▸ **Exercise data**:
*** Block opens ***

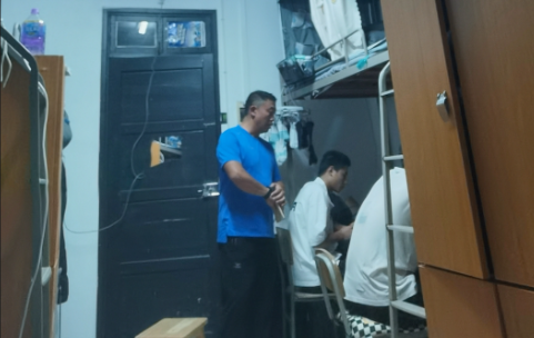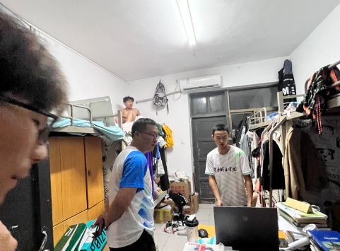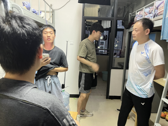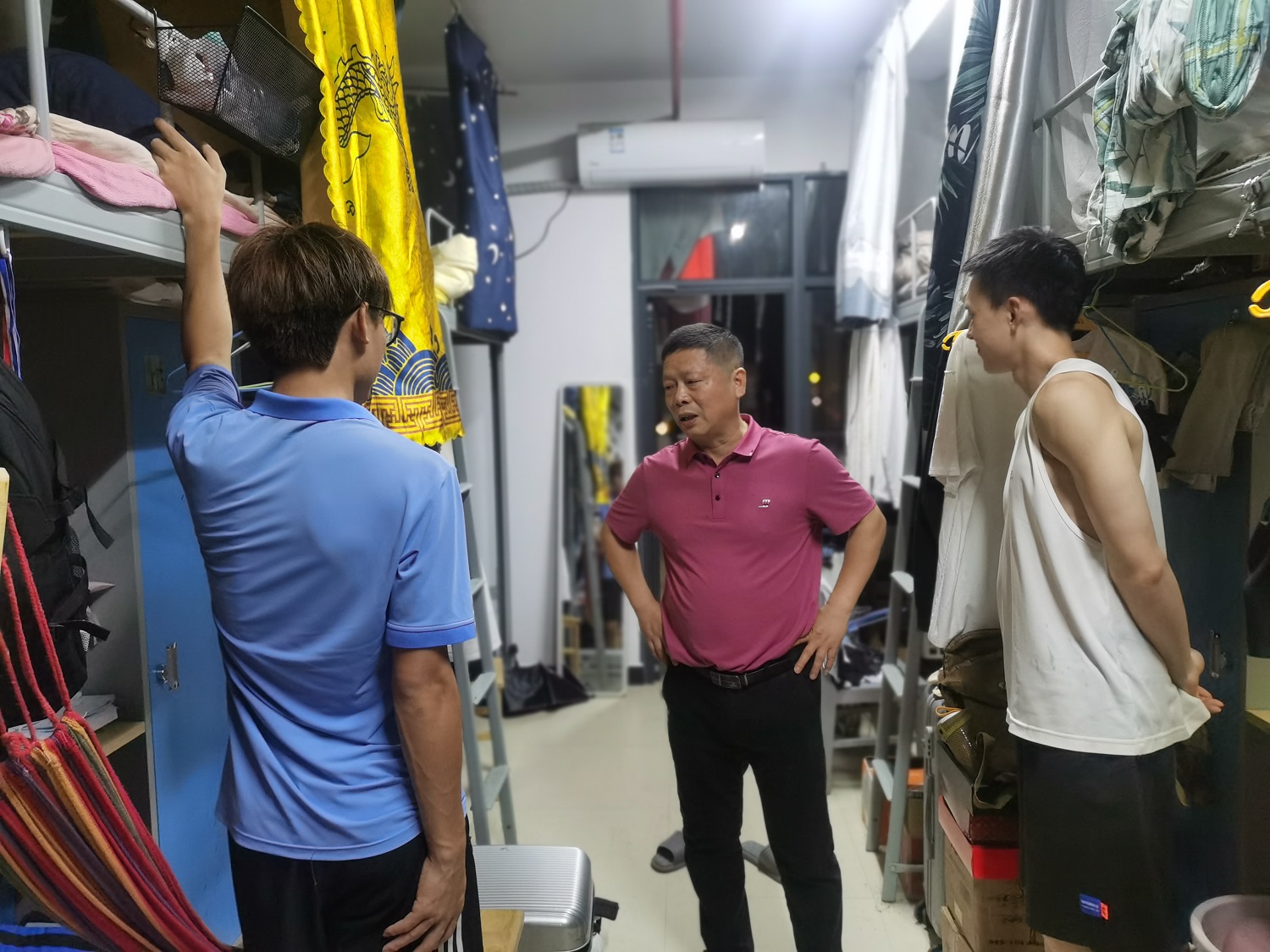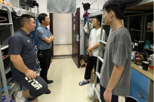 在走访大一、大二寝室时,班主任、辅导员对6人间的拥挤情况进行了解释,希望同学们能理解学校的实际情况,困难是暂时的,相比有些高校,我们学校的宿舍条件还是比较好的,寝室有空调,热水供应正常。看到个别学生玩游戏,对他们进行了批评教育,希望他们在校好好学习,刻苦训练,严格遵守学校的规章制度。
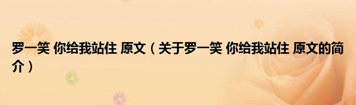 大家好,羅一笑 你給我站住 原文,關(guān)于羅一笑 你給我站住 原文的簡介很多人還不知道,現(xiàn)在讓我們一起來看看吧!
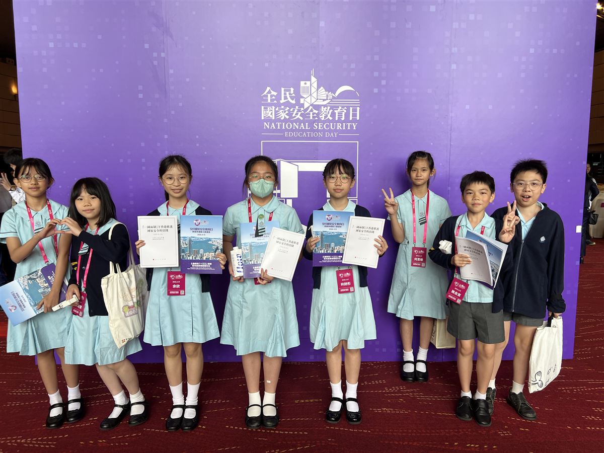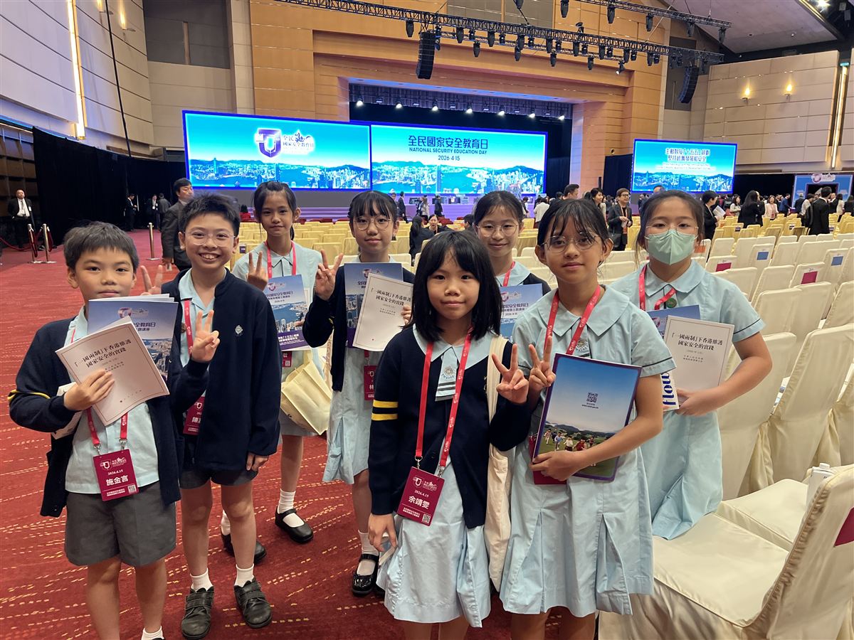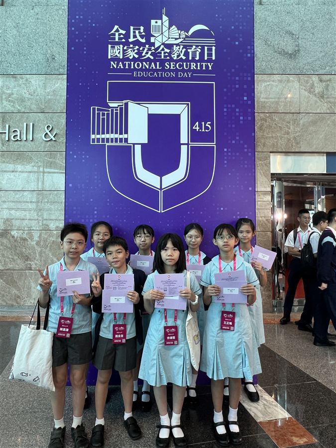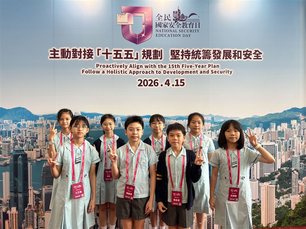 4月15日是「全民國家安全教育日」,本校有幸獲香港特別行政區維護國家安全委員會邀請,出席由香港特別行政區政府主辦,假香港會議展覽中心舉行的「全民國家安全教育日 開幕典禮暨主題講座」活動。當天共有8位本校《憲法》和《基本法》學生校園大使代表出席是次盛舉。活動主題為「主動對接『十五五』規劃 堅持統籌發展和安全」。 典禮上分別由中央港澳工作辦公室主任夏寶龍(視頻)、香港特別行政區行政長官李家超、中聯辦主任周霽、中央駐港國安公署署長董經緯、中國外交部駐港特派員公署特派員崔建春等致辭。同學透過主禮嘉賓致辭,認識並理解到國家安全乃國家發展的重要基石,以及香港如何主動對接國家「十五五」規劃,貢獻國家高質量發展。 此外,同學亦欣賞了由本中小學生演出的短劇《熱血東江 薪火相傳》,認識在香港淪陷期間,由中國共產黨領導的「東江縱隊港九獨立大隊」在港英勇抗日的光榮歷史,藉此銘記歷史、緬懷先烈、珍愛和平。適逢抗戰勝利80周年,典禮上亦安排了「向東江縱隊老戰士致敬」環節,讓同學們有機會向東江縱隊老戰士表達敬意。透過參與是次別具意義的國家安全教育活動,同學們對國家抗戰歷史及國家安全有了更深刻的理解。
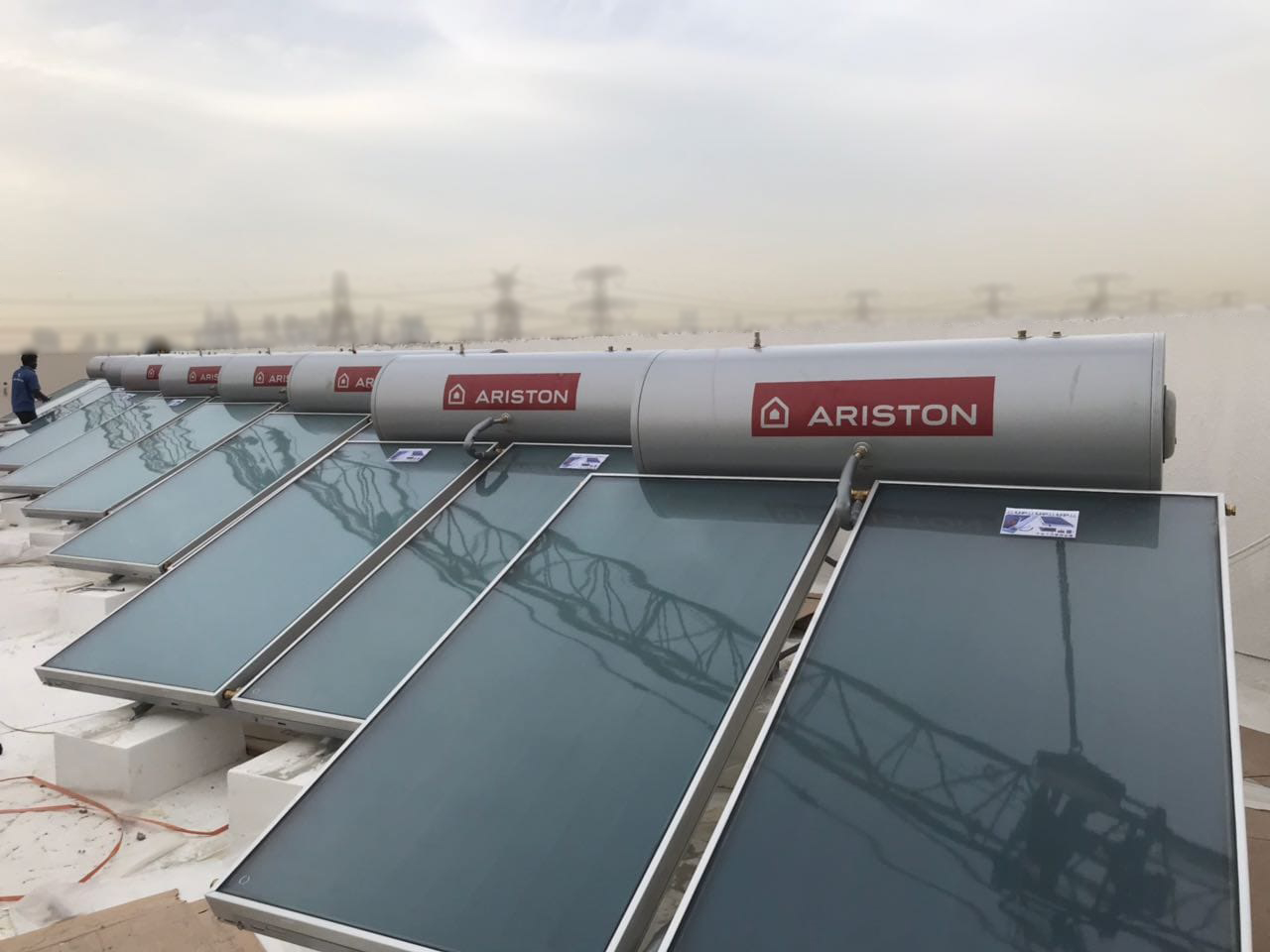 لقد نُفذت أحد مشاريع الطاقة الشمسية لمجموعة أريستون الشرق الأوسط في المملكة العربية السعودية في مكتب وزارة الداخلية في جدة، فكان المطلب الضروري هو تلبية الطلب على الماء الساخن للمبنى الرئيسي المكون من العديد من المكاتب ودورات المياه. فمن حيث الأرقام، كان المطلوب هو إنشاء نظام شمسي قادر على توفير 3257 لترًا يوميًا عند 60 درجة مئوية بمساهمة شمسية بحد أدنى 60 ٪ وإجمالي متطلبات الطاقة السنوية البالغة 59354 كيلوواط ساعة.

*** Block closes ***

▸ **Problem details**: Pictures are to be left out; otherwise, retype exactly the lines from the first line of the data through the line containing "大家好,羅一笑 你給我站住 原文,關(guān)于羅一笑".

▸ **Your solution**:
 在走访大一、大二寝室时,班主任、辅导员对6人间的拥挤情况进行了解释,希望同学们能理解学校的实际情况,困难是暂时的,相比有些高校,我们学校的宿舍条件还是比较好的,寝室有空调,热水供应正常。看到个别学生玩游戏,对他们进行了批评教育,希望他们在校好好学习,刻苦训练,严格遵守学校的规章制度。
 大家好,羅一笑 你給我站住 原文,關(guān)于羅一笑 你給我站住 原文的簡介很多人還不知道,現(xiàn)在讓我們一起來看看吧!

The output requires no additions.